Many landlords struggle to understand that you cannot simply just turf a tenant out of a property if they don’t leave- you have to follow a set procedure and abide by the law otherwise it will be deemed as harassment.
To gain possession a section 21 notice needs to be served giving the tenants a minimum of 2 months’ notice. This cannot expire before the end of the fixed term and the tenants have the right to stay in the property for a minimum of 6 months which is set out in the housing act 1988.
If the tenant fails to leave on the last day of the tenancy then you would need to go to court to ask for an order for possession.

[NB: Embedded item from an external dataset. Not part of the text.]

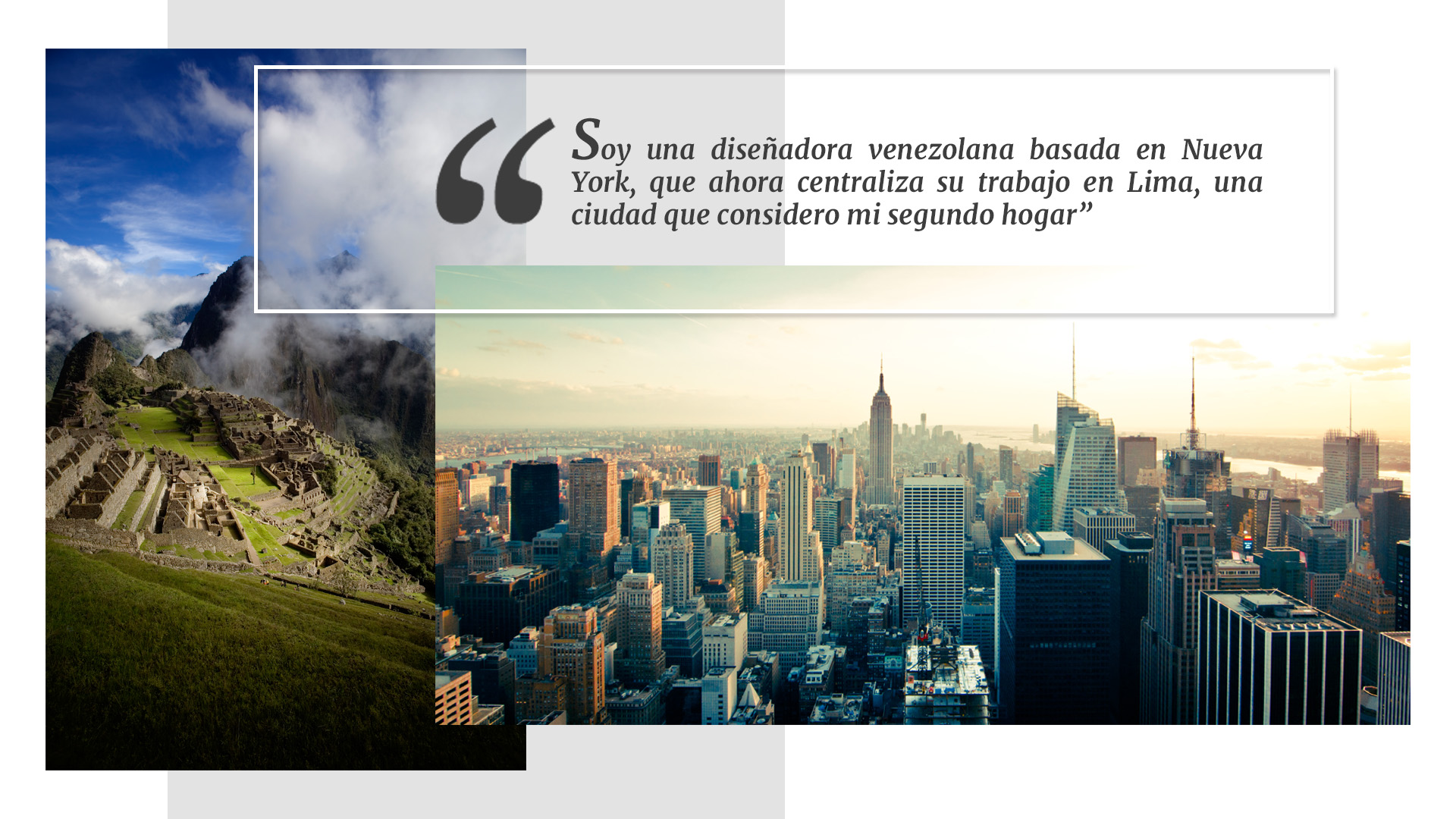 Mi ADN creativo esta definitivamente marcado por la influencia latinoamericana, estoy obsesionada con lo hecho a mano en nuestros países, eso sí, con calidad, con esmero, con altas dosis de ingenio y creatividad. Mi marca tiene que ver con mis raíces, con mi manera venezolana y latina de vivir y relacionarme con las cosas. Mi esencia es arquitectónica, son piezas de líneas puras, pulidas, esculturales y muy sofisticadas.”

You can choose to go for an accelerated possession order which is the quickest way of trying to gain possession as you don’t need a court hearing, however you will need to make a payment before action can take place.
Providing the notice has been served correctly then a judge will grant possession between 14 and 42 days after the date of the hearing. It will be at the longer end if the tenants claim hardship or make an objection.
If the tenants still don’t leave by the date the possession order states then you have to request a warrant for possession. The tenant’s will then be sent an eviction notice giving a date they must leave by. Bailiffs will then be able to remove the tenants from the property.
The terms of the original tenancy will continue as long as the tenants stay so they will still be responsible for rent payments until the day they leave.